Covid-19 has slammed the brakes on what had been a very busy start to 2020 for high-yield bond and leveraged loan issuance. Marie Kemplay reports.

Wall Street

A dramatic turnaround in circumstances has played out in the leveraged finance sector over the past few months. The opening weeks of 2020 saw record levels of issuance, with more than $233bn-worth of high-yield bonds and leveraged loans issued in the US in January and February, and more than $53bn in European markets, according to Dealogic. Hence US issuance more than doubled year on year, and European issuance more than trebled, compared with 2019.

There was a lot of opportunistic business, with issuers taking advantage of favourable market conditions to finance debt re-pricings and dividend recapitalisations, as well as some mergers and acquisitions.

As Diarmuid Toomey, co-head of leveraged debt capital markets for Europe, Middle East and Africa (EMEA) at Deutsche Bank, says: “It was a very busy start to the year for both leveraged loans and high-yield bonds. In February it felt like almost every day brought a new record, whether that was for a record low coupon or some other feature. It was a very risk-on market.”

Although there had been plenty of speculation about how long the bull market could continue, with global trade tensions and disruption off the back of the US presidential election among the potential causes for concern, it is unlikely that anyone could have foreseen the market coming to a juddering halt in such a dramatic fashion as a result of the global coronavirus outbreak. “It was an incredibly strong start to the year but, at a totally unscientific level, there was an impending feeling that something was going to happen to slow things down,” says Jake Mincemoyer, head of American banking at White & Case. “Of course, no one could have predicted this specific set of circumstances.”

A full stop

Against a highly volatile market backdrop, issuance had effectively ground to a halt in the opening weeks of March. As one London-based leverage finance banker remarked at the time: “We are in stasis.” Adam Freeman, head of leveraged finance at law firm Linklaters, says: “A lot of people have hit pause. It is very hard in the middle of a situation like this for people to price the risk. The market will struggle until there’s more certainty.”

In secondary markets, huge outflows from high-yield mutual funds and exchange-traded funds (ETFs) became apparent in late February, in the order of billions of dollars. One New York-based leveraged finance banker believes the sell-off is a function of investors wanting liquidity, rather than a comment on the assets themselves. “Sometimes investors will sell what is most sellable, rather than necessarily because they actually want to sell,” he says. “A lot of the outflows we are seeing are likely to be down to institutional investors who [have viewed] ETFs as a good place to keep a proportion of their portfolio in order to get access to liquidity quickly, as they can immediately draw out their investments.”

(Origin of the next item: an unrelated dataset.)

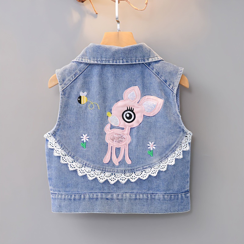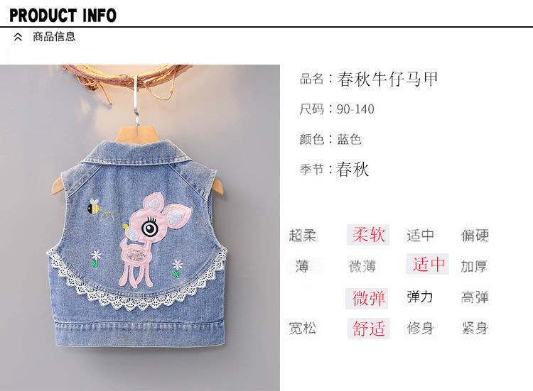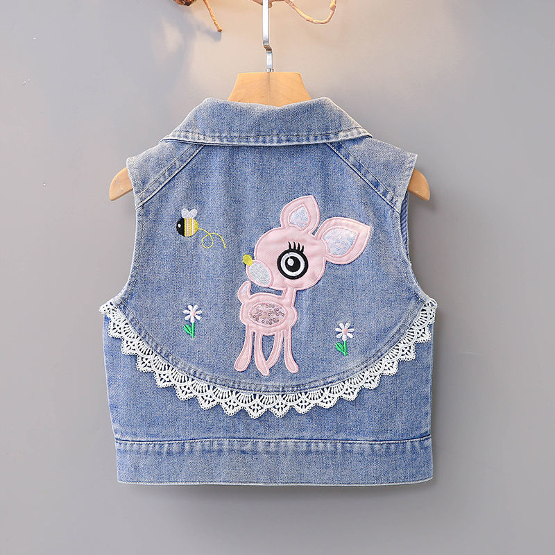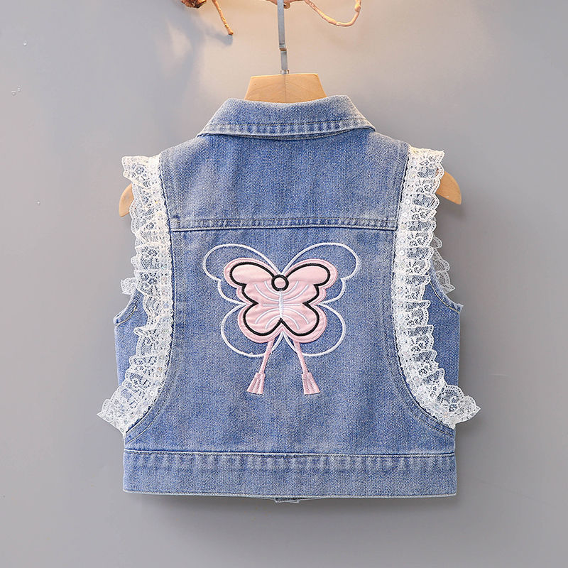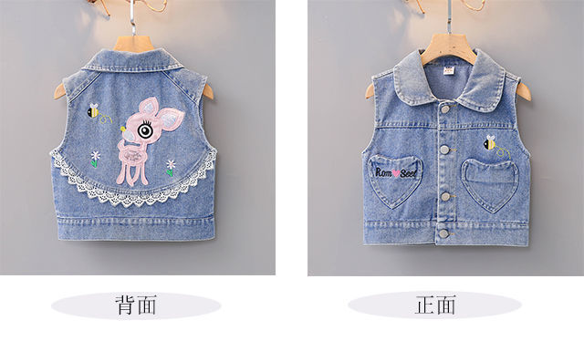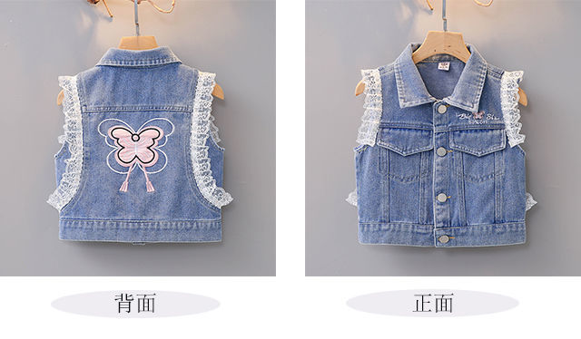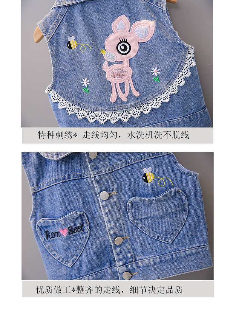 데님 조끼 아동 조끼 봄, 가을 겉옷 2023 새로운 스타일 유행 맞춤형 소녀 민소매 소녀 얇은 스타일스토어 가기

In mid-March the market even saw investors selling off archetypal safe assets such as sovereign bonds, including US Treasuries, in a further display of investors seeking liquidity. “For investors, they’re looking to put a floor under the negative and once they know what they’re dealing with, they will be more prepared to buy,” says Nishan Srinivasan, co-head of EMEA debt capital markets solutions at Credit Suisse.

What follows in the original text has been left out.